French National Front party political rally in Nice

 

I socialisti sarebbero in vantaggio in Aquitania e Bretagna;

la destra di Sarkozy in Normandia, Paesi della Loira, e Alvernia-Rodano-Alpi;

in Corsica si registrerebbe un sostanziale pareggio tra quattro liste regionali.

 

Accedono ai ballottaggi i partiti che al primo turno ottengono oltre il 10% dei suffragi. In seguito, il partito che ottiene la maggioranza al ballottaggio avrà in Consiglio regionale un quarto dei seggi più un bonus riguardante la sua percentuale. Il rimanente dei seggi viene poi ripartito tra i partiti oltre il 5%.

 

Paura matita

 

Il primo a prendere la parola è stato Nicolas Sarkozy, che ha commentato il deludente risultato elettorale dei Républicains: secondo l’ex presidente il voto, un «verdetto netto», dimostra che i francesi sono «esasperati», che la Francia ha troppo «indietreggiato e lo ha fatto soprattutto in questi ultimi quattro anni.
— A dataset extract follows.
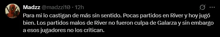 River sacó adelante un partido que se presentó indescifrable ante Talleres y logró el esperado triunfo para cortar su mala racha en el Torneo Clausura. Otro de los aspectos positivos fueron los cambios de Marcelo Gallardo, quien en el segundo tiempo mandó a la cancha a Matías Galarza Fonda y tuvo un rendimiento que fue destacado por los hinchas en las redes sociales.
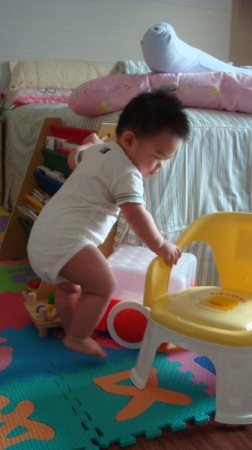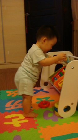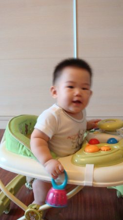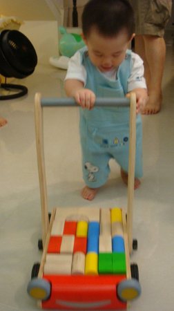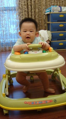 只差沒放手自己走(偏偏他是個謹慎的小孩 怕摔會痛而不敢輕易放手)

E chiedono che non arretri più».

 

In ogni caso Sarkozy ha escluso ogni alleanza (con la sinistra per contrastare l’ultradestra), o ritiro dai ballottaggi, in vista del secondo turno in programma domenica prossima: «Né fusione» con i socialisti, «né ritiro, i Républicains rappresentano l’unica alternativa possibile nelle regioni che potrebbero altrimenti passare al Front National».

 

Il Partito socialista, invece, ha scelto di ritirare i suoi candidati dal secondo turno in Provenza-Alpi-Costa Azzurra e in Piccardia-Nord-Pas-de-Calais nella speranza di bloccare l’avanzata delle due candidate Le Pen. Lo ha annunciato il segretario socialista, Jean-Christophe Cambadélis.

 

Il portavoce del governo: la sinistra resta la prima forza

Il portavoce del governo francese, Stephane Le Foll, ha invece affermato che la somma dei voti della sinistra è maggioritaria, nonostante il Partito socialista risulti solo la terza forza politica. «Il totale della sinistra, della quale si dice sia in difficoltà, deve superare il 36%, il che ne fa la prima forza di Francia», ha spiegato a Tf1. Le Foll ha quindi fatto appello all’«unità della sinistra» per il secondo turno.